Start of DATA

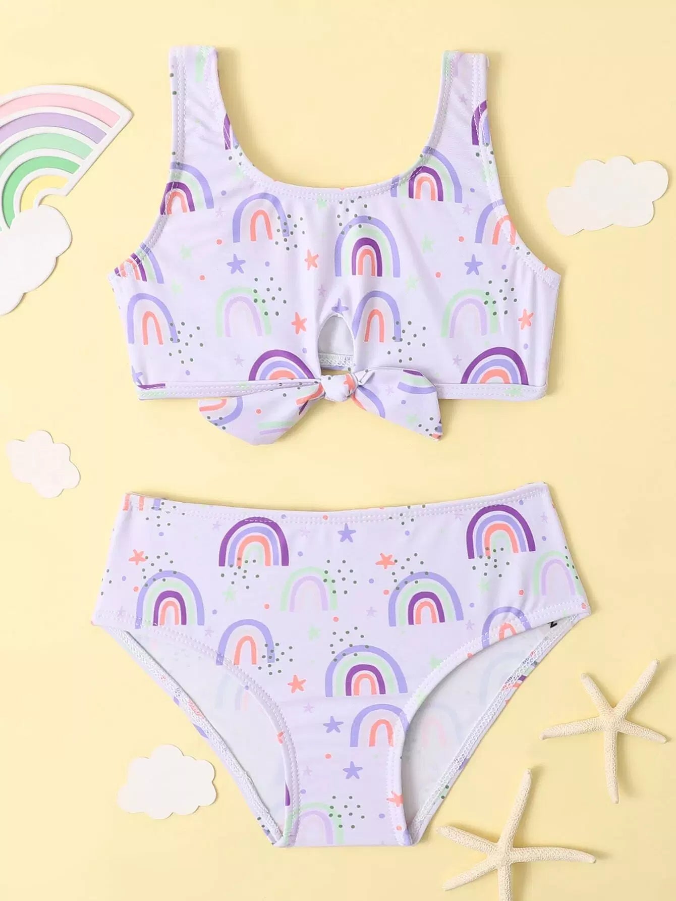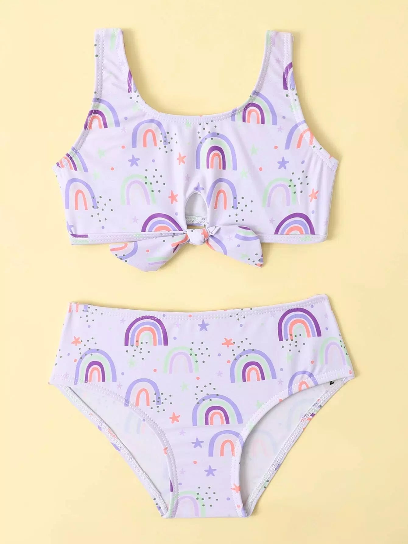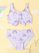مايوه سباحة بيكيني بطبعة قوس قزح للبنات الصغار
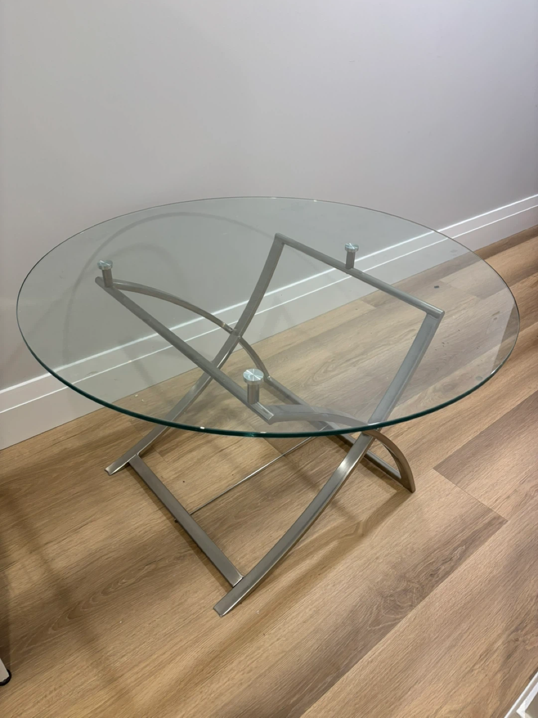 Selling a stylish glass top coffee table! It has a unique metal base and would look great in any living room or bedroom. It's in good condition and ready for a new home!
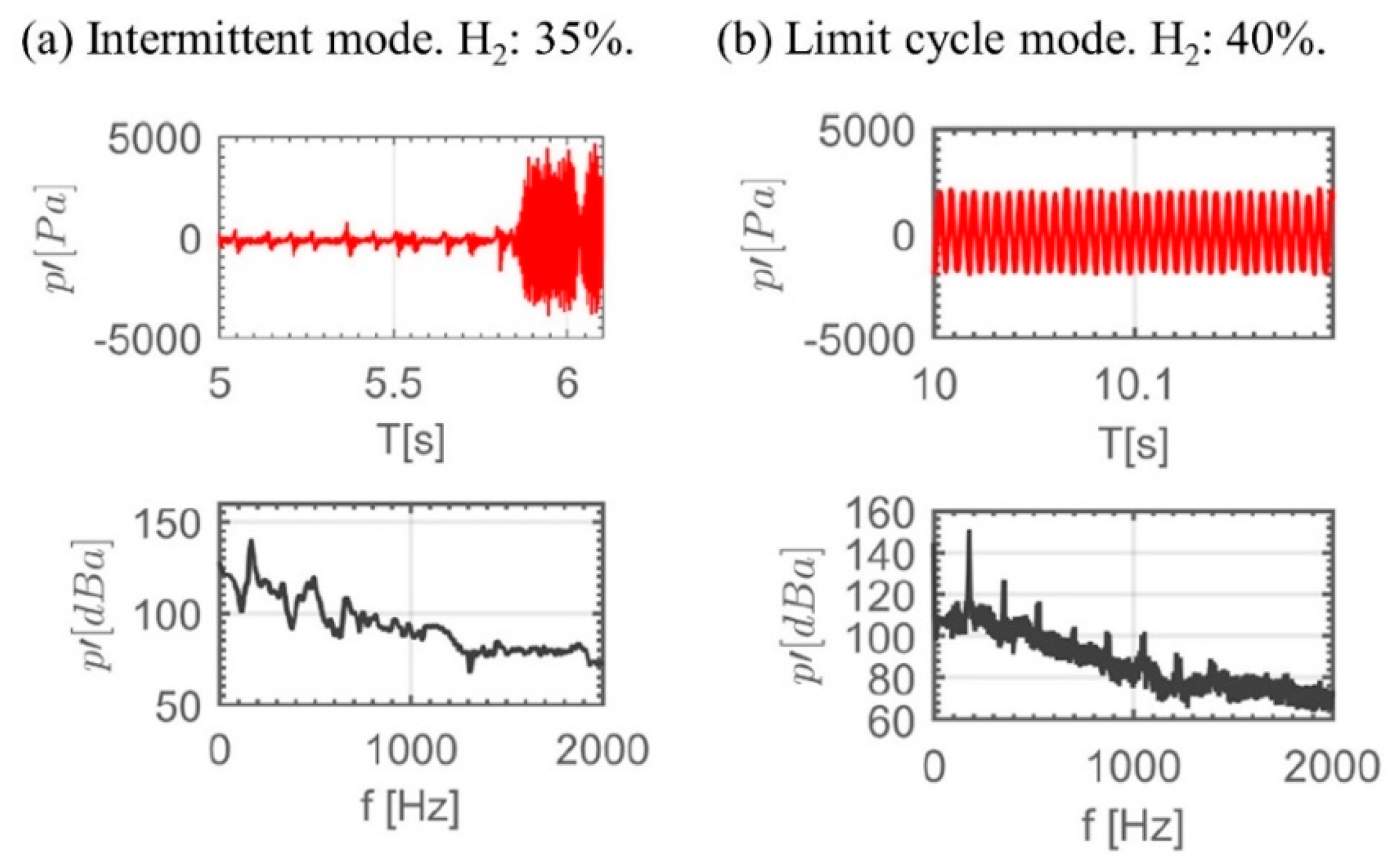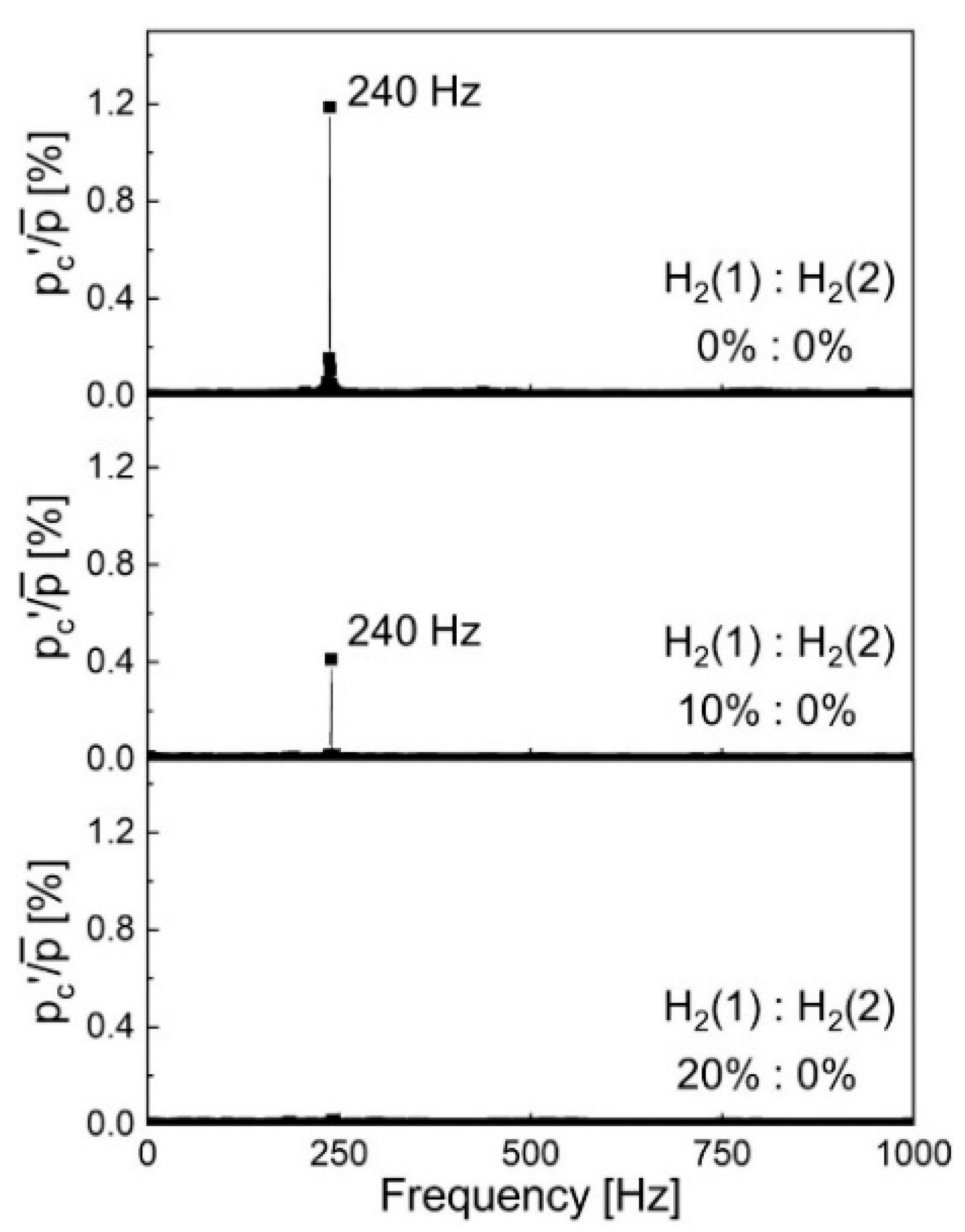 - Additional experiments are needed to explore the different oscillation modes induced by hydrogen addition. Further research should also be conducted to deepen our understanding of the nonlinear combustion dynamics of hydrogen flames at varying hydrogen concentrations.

End of DATA
Start of DATA

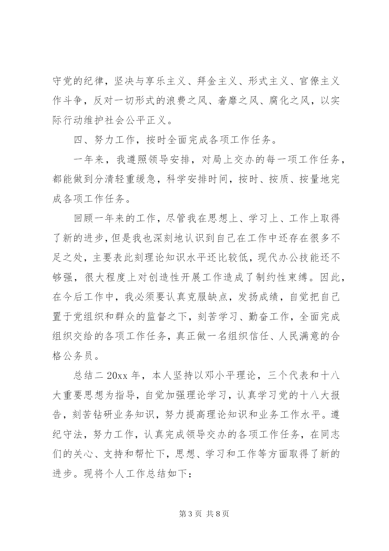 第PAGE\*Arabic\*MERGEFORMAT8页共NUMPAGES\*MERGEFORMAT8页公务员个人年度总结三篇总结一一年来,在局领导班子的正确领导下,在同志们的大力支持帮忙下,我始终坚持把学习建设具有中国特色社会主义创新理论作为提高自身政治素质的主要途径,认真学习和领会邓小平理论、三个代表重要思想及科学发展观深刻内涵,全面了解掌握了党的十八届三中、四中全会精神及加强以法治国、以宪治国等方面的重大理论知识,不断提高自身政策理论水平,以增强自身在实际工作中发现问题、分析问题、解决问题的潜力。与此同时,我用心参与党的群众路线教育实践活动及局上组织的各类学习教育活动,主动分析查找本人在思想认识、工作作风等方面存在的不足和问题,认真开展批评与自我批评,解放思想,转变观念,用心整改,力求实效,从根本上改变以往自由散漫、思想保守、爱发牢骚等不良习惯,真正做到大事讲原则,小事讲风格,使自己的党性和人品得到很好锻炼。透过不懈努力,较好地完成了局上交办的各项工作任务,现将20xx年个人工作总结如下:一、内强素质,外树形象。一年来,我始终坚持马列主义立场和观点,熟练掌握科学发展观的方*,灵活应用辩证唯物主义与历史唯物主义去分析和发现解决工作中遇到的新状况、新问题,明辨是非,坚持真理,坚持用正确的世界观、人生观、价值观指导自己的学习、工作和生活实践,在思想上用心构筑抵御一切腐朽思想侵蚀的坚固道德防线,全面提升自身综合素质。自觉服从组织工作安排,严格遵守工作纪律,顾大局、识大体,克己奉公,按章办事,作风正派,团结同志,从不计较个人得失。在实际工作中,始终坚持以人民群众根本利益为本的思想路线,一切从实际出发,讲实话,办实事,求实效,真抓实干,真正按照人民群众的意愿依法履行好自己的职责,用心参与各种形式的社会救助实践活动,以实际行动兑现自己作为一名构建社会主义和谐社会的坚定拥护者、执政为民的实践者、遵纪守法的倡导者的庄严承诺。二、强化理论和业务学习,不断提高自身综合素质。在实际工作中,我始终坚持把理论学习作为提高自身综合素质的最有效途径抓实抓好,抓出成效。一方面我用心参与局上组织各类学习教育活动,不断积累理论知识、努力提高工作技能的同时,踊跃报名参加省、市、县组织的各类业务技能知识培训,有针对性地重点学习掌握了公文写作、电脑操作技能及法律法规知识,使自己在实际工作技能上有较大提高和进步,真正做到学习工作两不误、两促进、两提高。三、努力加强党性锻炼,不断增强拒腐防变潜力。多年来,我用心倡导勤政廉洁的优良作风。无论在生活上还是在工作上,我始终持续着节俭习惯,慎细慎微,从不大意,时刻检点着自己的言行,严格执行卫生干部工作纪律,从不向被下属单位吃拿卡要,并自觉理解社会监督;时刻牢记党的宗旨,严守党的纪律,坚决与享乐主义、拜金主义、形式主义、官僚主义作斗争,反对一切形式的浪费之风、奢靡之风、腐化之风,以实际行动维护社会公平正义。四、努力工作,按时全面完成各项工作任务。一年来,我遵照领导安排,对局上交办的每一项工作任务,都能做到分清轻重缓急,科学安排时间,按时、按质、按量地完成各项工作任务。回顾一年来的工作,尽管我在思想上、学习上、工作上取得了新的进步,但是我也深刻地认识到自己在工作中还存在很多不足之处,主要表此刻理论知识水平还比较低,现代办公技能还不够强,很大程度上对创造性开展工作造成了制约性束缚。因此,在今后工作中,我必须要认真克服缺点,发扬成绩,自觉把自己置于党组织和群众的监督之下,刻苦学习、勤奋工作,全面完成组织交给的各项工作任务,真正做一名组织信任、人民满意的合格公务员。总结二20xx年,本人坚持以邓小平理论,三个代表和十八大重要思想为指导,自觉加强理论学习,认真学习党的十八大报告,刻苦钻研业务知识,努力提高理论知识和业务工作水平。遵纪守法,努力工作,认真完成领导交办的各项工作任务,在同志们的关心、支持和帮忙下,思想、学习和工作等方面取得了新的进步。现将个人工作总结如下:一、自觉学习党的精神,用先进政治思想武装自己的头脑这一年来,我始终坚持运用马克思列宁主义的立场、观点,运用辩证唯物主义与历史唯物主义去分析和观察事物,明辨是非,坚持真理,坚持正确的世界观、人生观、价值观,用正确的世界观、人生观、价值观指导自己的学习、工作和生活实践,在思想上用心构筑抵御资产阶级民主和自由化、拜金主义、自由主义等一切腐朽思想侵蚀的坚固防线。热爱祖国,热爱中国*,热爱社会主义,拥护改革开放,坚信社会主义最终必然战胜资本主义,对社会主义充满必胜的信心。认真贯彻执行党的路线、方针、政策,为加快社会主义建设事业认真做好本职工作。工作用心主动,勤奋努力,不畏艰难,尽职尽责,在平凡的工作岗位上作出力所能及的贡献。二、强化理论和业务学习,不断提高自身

End of DATA
Start of DATA

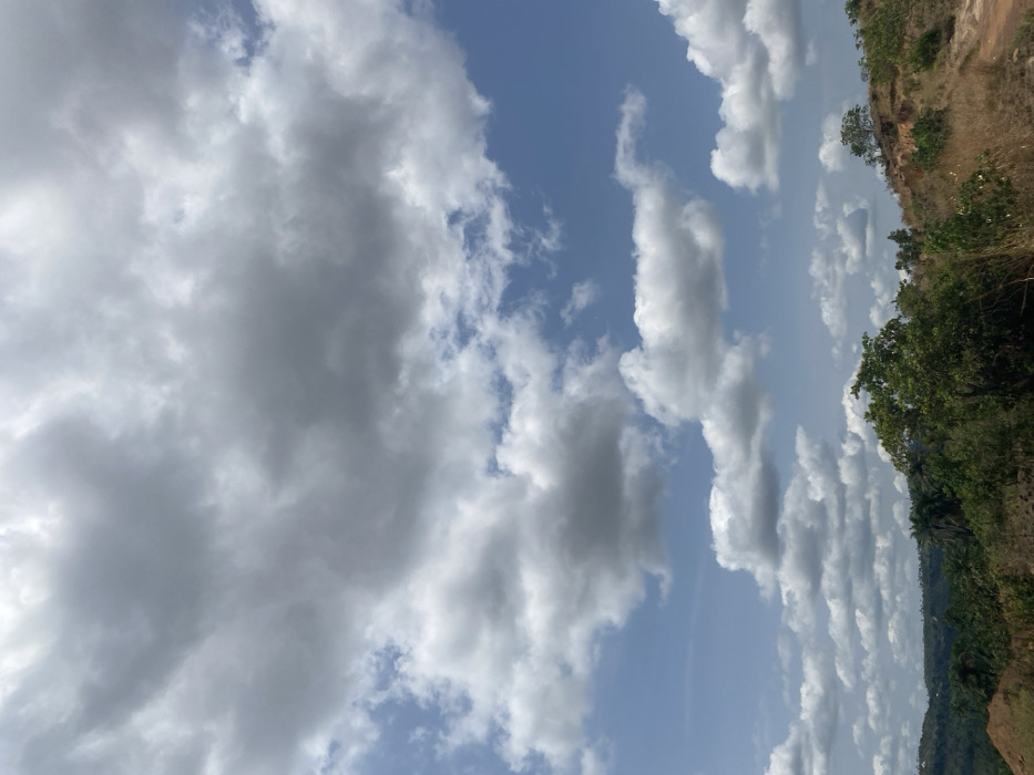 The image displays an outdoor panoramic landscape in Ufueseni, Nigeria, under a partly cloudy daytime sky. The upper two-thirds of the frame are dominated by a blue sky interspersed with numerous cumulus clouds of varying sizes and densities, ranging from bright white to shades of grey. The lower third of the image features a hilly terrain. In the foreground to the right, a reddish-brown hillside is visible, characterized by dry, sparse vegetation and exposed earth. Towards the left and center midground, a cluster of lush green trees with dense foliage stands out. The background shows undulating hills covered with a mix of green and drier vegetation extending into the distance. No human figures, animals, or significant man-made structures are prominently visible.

End of DATA

TRY IT:
Within the material above, find the part that opens with the line containing "مايوه سباحة بيكيني" and closes with the line containing "- Additional experiments", and reproduce it exactly without the pictures.

TASK RESULT:
مايوه سباحة بيكيني بطبعة قوس قزح للبنات الصغار
 Selling a stylish glass top coffee table! It has a unique metal base and would look great in any living room or bedroom. It's in good condition and ready for a new home!
 - Additional experiments are needed to explore the different oscillation modes induced by hydrogen addition. Further research should also be conducted to deepen our understanding of the nonlinear combustion dynamics of hydrogen flames at varying hydrogen concentrations.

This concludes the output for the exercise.